The law plans to impose fines of up to 10% of their annual income on the internet giants
The European Commission (EC) presented on Tuesday the new law on digital markets that provides for the possibility of forcing large internet platforms to sell their companies, as an extreme measure, to prevent their abuse of power in the market. “If it is the only adequate way to solve the problem, (…) structural separation or divestment may be a measure of last resort,” said community sources.
The law first provides for the possibility of imposing on the internet giants a fine of up to 10% of their annual income globally if they fail to comply with the obligations established by law to combat their dominance.
Brussels also presented the digital services law on Tuesday, which establishes fines for these companies of up to 6% of their global annual income if they do not remove illegal content from their web pages, even if it comes from third parties.
The EC understands that large platforms are those with more than 45 million active users per month or those that achieve an annual turnover in the European Economic Area (EEA) equal to or greater than 6,500 million euros in the last three years.
With these two regulations -which will still have to receive the approval of the European Parliament and the Council of the EU-, the Community Executive wants to update the 2000 electronic commerce law and equip itself with new tools to combat the power of big technology.

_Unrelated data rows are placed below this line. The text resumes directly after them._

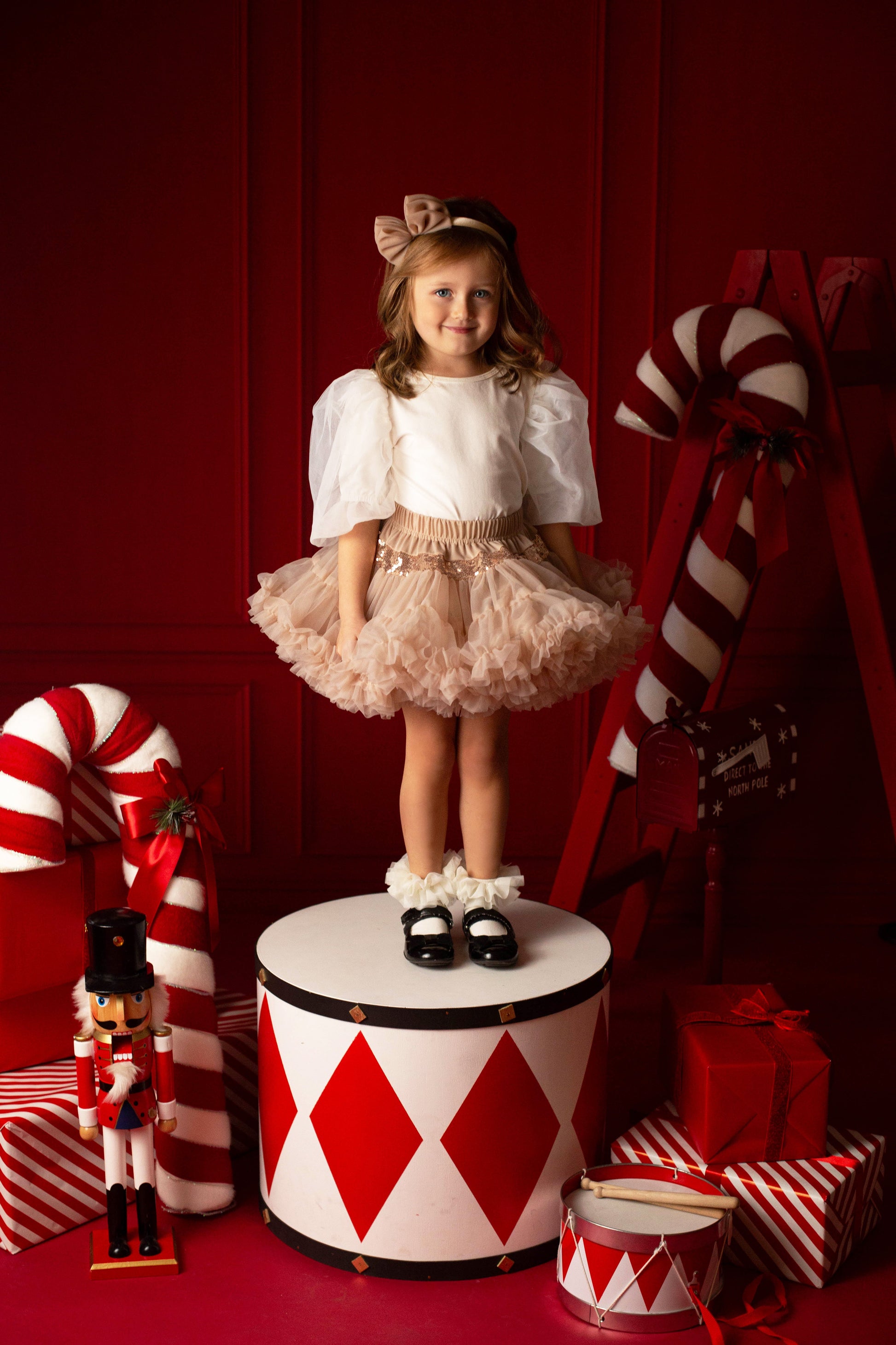 Hvis du leder efter det perfekte outfit til Halloween eller et magisk kostume, vil vores tyl nederdel med flæser med sikkerhed opfylde enhver piges drømme. Denne nederdel er fortryllende med sit lette og luftige design, prydet med skimrende pailletter og fløjlsdetaljer lavet af samme stof som vores kapper – sammen skaber de det perfekte kostumesæt!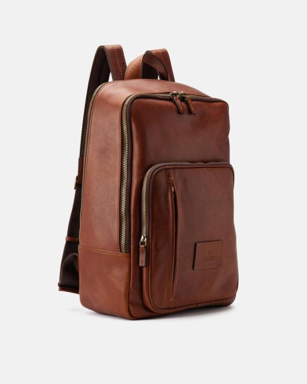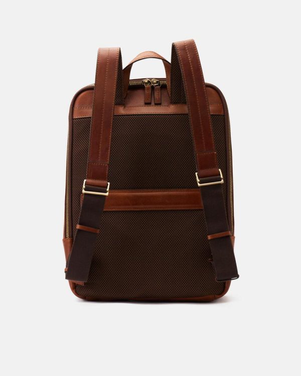 This sophisticated brown backpack masterfully blends timeless vintage aesthetics with modern functionality. Featuring two spacious zippered interior compartments designed to securely organize your laptop and essential documents, making it the ultimate work-to-travel companion. The distinctive antique brass hardware, premium zipper closures, and rich vintage finish create an executive accessory that commands attention. Engineered for both professionals and students who refuse to compromise on style and quality.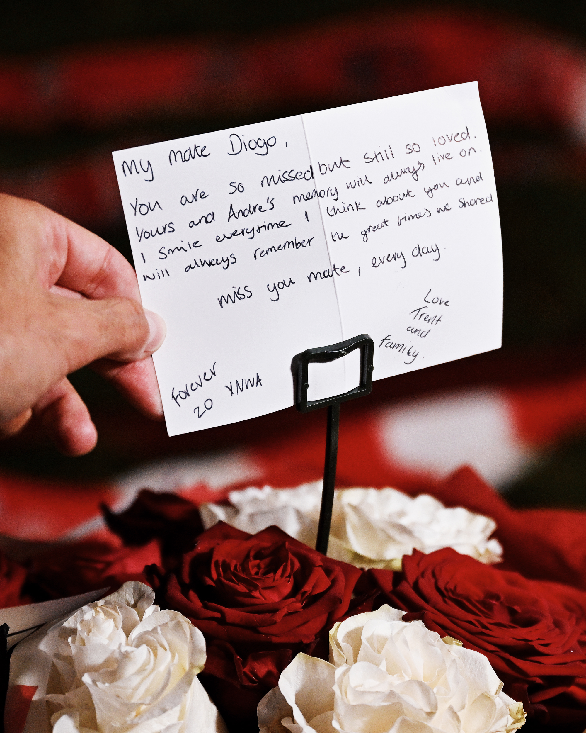 Un momento muy especial y emotivo lo protagonizó Trent, que quiso desplazarse al estadio donde se formó como jugador y en el que compartió éxitos con Diogo Jota, para dejar unas flores con los colores del Liverpool y una carta sentida.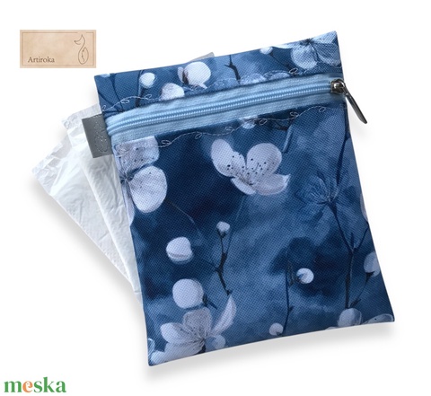 Cseresznyefavirág mintás, farmerkék színű egészségügyi betét tartó - Artiroka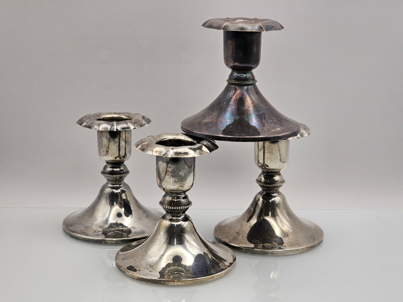 #1028 4kpl hopeisia kynttilänjalkoja, bruttopaino 378g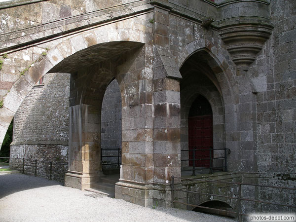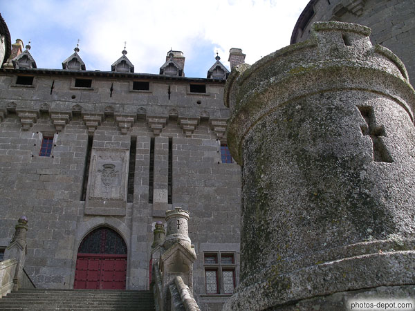 Facade Nord-Ouest, blason et taillades de l'ancien pont-levis, France, Bretagne, Combourg
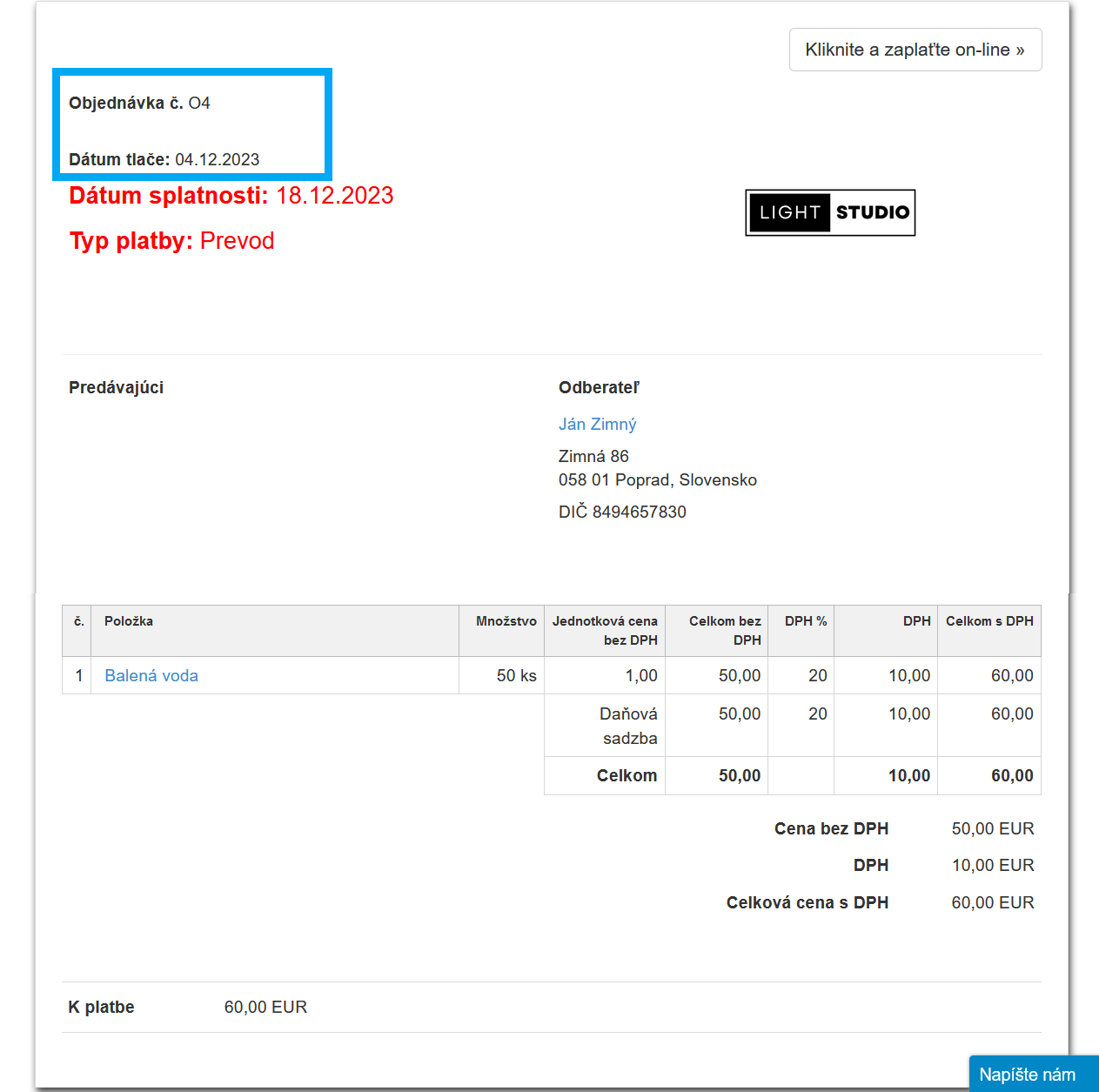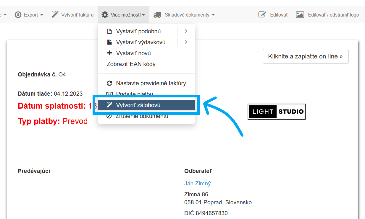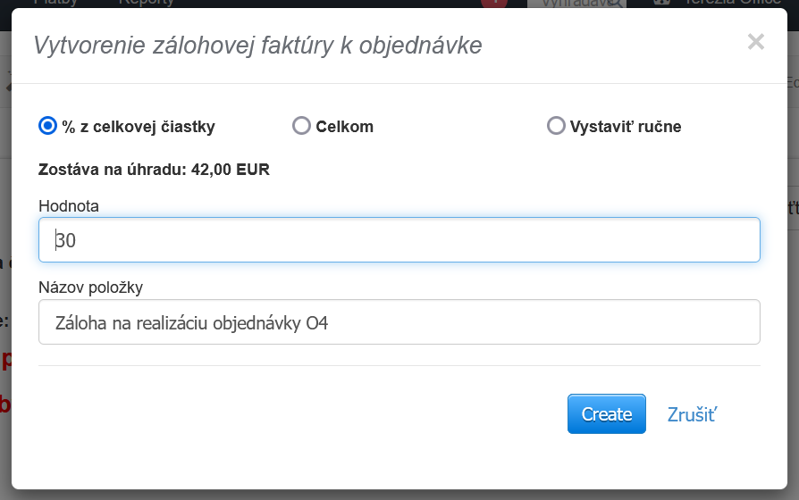 - Po vygenerovaní zálohovej faktúry sa môžete jednoducho vrátiť k objednávke a vystaviť ďalšiu alebo uzavrieť transakciu vystavením konečnej faktúry.

As the Commissioner for the Internal Market, Thierry Breton, explained to journalists, the rules that have been in force in the last 20 or 30 years to prevent abuse ” are not adequate ” in a digital environment that evolves very quickly.
The digital markets law will oblige the internet giants to previously notify the Community Executive of the purchase of another company so that the EC can see “if the acquisition is to do something prohibited,” the French politician explained. In particular, Brussels seeks to diminish the power of technology companies by preventing them from using the data of their commercial customers to improve their competition or by preventing them from forcing users to install specific applications or services.
The second of the laws, that of digital services will force technology companies to quickly remove illegal content from their web pages -even if it comes from third parties-, unless they are unaware that it is prohibited material. By illegal content, Brussels means for example the sale of fraudulent products or hate speech. It will also force them to have more transparency in the operation of the algorithms that recommend content to users.
Brussels will give internet giants freedom to operate in the EU country of their choice, but the rules will apply equally across the EU. In addition, technology companies -mainly from the United States- will be required to have a legal representative in Europe with whom the authorities can contact.